▸ **What to work on**:
Leave the pictures out. Retype exactly the lines below from the one containing "arma estratégica. Esta" through the one containing "Рисунок 11 называется", and no others.

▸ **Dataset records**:
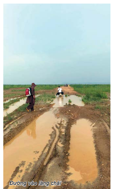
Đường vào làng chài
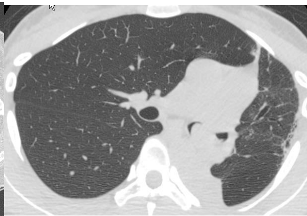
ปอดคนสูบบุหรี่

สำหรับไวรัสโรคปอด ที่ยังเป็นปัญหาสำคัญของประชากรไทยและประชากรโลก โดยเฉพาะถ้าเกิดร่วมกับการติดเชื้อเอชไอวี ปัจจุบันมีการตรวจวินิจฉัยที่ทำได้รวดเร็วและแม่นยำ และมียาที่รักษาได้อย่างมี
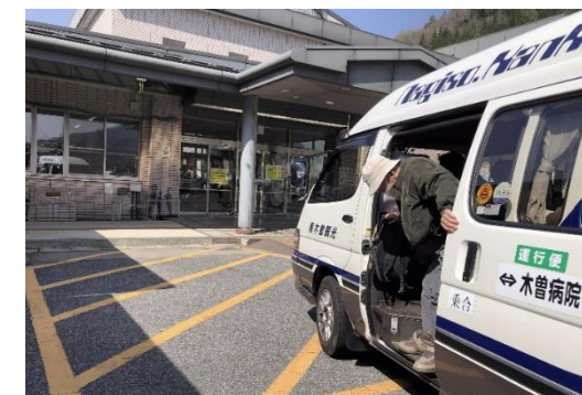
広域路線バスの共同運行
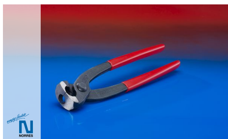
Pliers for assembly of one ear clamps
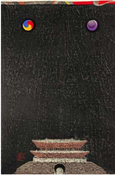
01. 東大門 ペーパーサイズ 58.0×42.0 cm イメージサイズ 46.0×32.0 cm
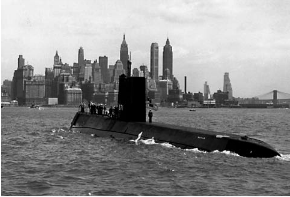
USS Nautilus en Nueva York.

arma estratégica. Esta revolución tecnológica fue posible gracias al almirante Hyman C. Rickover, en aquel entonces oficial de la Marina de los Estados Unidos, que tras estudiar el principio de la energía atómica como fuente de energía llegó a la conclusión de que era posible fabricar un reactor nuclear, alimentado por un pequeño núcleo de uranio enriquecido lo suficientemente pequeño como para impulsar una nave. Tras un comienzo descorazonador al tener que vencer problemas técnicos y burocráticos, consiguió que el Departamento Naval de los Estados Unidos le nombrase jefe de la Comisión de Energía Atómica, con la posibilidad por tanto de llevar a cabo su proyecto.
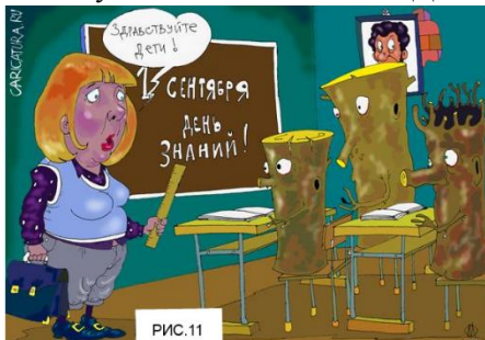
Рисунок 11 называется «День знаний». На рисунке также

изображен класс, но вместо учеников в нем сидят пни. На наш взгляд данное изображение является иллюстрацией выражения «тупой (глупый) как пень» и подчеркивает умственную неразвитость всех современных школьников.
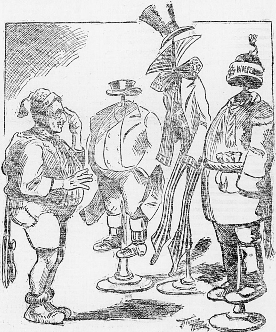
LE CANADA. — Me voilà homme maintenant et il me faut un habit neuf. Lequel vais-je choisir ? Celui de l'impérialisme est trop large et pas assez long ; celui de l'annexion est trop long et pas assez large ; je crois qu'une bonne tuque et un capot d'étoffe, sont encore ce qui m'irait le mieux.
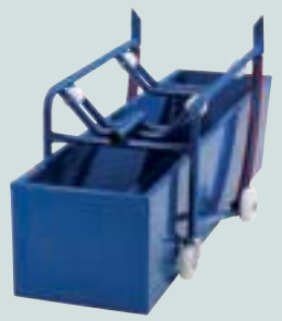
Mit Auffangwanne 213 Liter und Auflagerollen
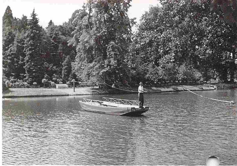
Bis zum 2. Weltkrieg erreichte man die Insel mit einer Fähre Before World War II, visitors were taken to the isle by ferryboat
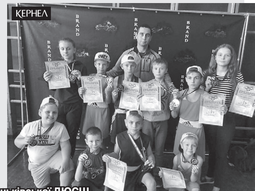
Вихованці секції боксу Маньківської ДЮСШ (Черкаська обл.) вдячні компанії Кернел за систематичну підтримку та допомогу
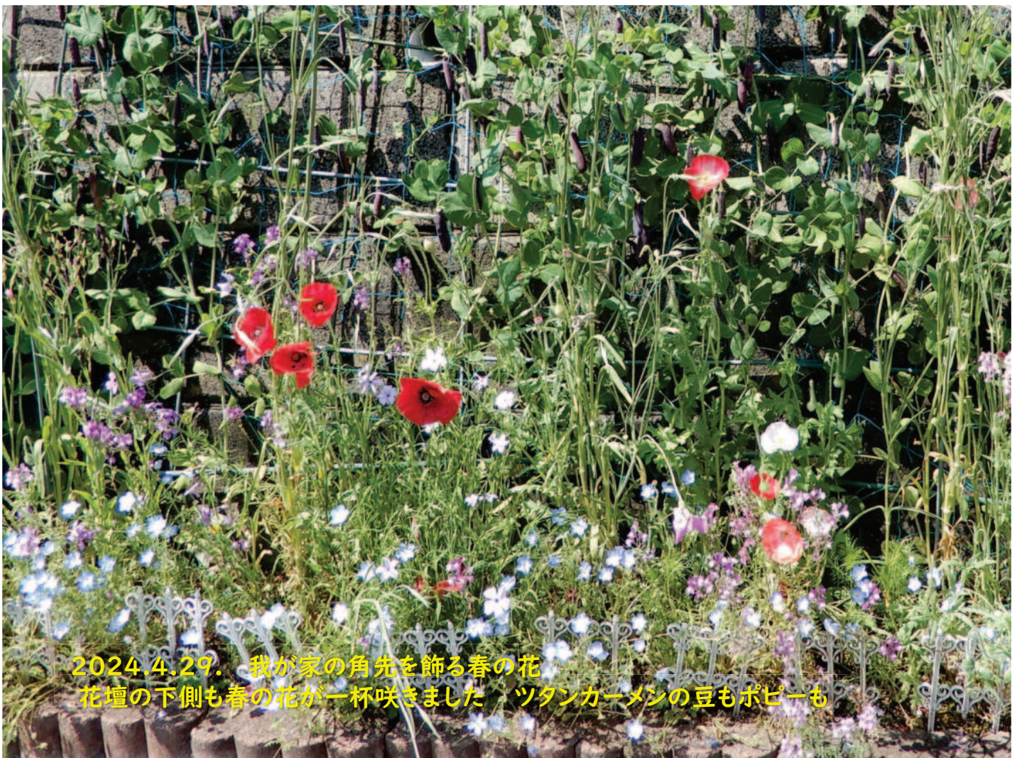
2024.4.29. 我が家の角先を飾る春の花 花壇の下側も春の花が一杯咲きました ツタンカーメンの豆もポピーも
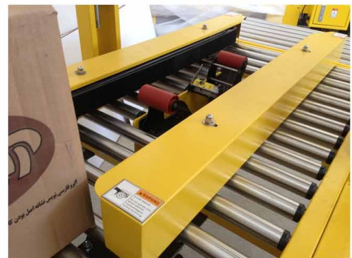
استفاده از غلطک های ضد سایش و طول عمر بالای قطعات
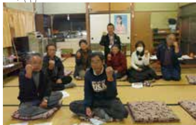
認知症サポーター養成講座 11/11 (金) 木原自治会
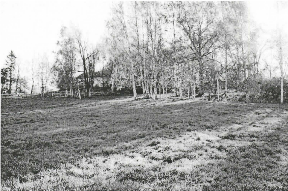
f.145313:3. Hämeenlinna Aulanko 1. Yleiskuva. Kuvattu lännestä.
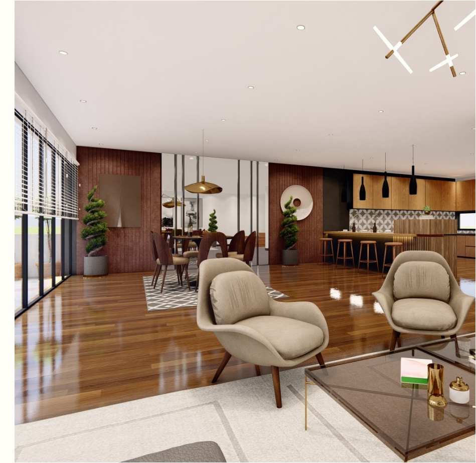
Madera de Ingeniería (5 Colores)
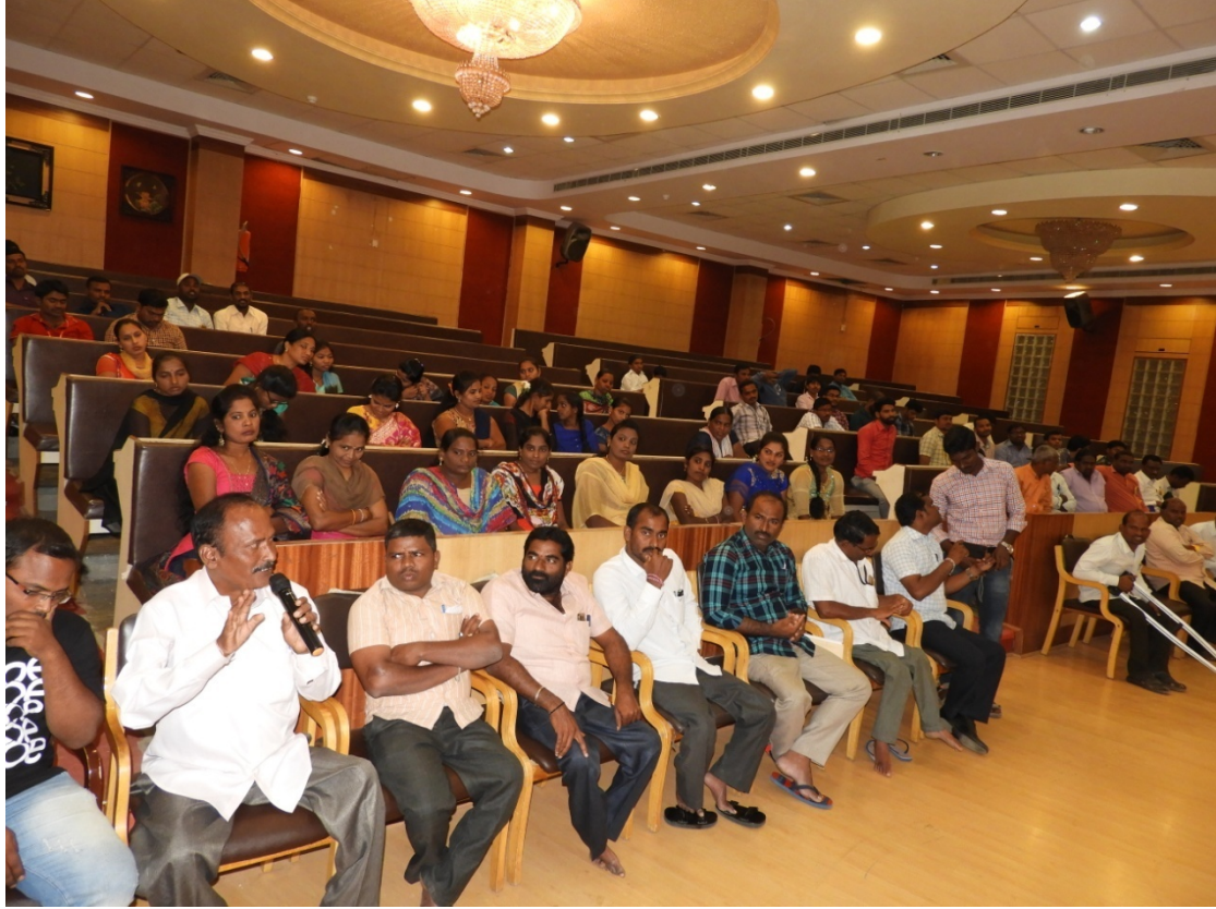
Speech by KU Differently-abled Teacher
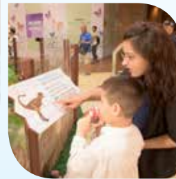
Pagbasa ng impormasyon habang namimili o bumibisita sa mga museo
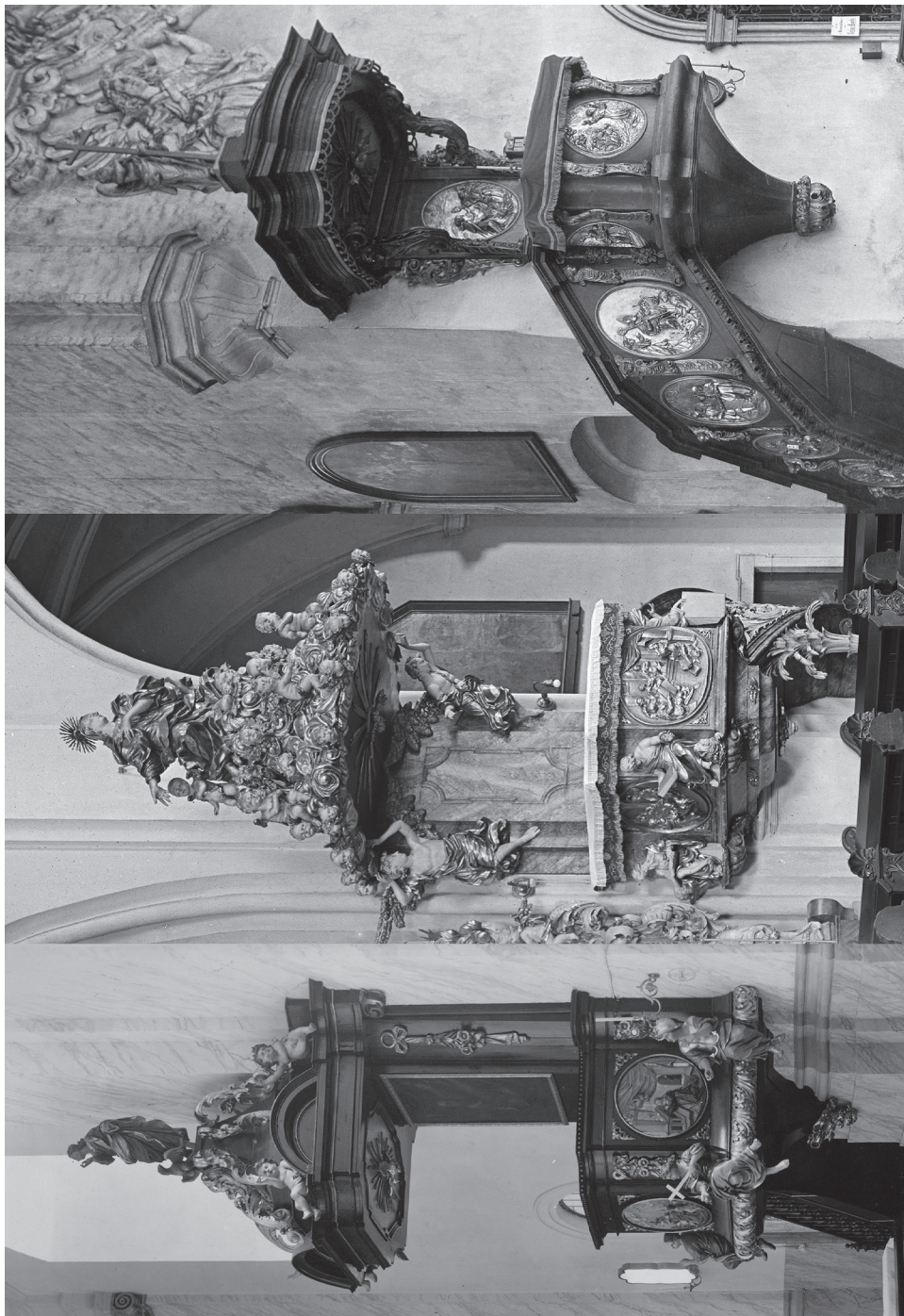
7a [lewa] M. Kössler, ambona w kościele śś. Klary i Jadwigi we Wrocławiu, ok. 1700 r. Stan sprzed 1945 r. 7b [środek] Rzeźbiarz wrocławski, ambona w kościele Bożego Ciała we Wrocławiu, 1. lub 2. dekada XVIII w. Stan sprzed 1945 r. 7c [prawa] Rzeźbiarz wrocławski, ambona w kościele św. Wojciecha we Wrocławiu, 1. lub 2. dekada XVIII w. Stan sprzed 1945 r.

▸ **Solution below**:
arma estratégica. Esta revolución tecnológica fue posible gracias al almirante Hyman C. Rickover, en aquel entonces oficial de la Marina de los Estados Unidos, que tras estudiar el principio de la energía atómica como fuente de energía llegó a la conclusión de que era posible fabricar un reactor nuclear, alimentado por un pequeño núcleo de uranio enriquecido lo suficientemente pequeño como para impulsar una nave. Tras un comienzo descorazonador al tener que vencer problemas técnicos y burocráticos, consiguió que el Departamento Naval de los Estados Unidos le nombrase jefe de la Comisión de Energía Atómica, con la posibilidad por tanto de llevar a cabo su proyecto.
Рисунок 11 называется «День знаний». На рисунке также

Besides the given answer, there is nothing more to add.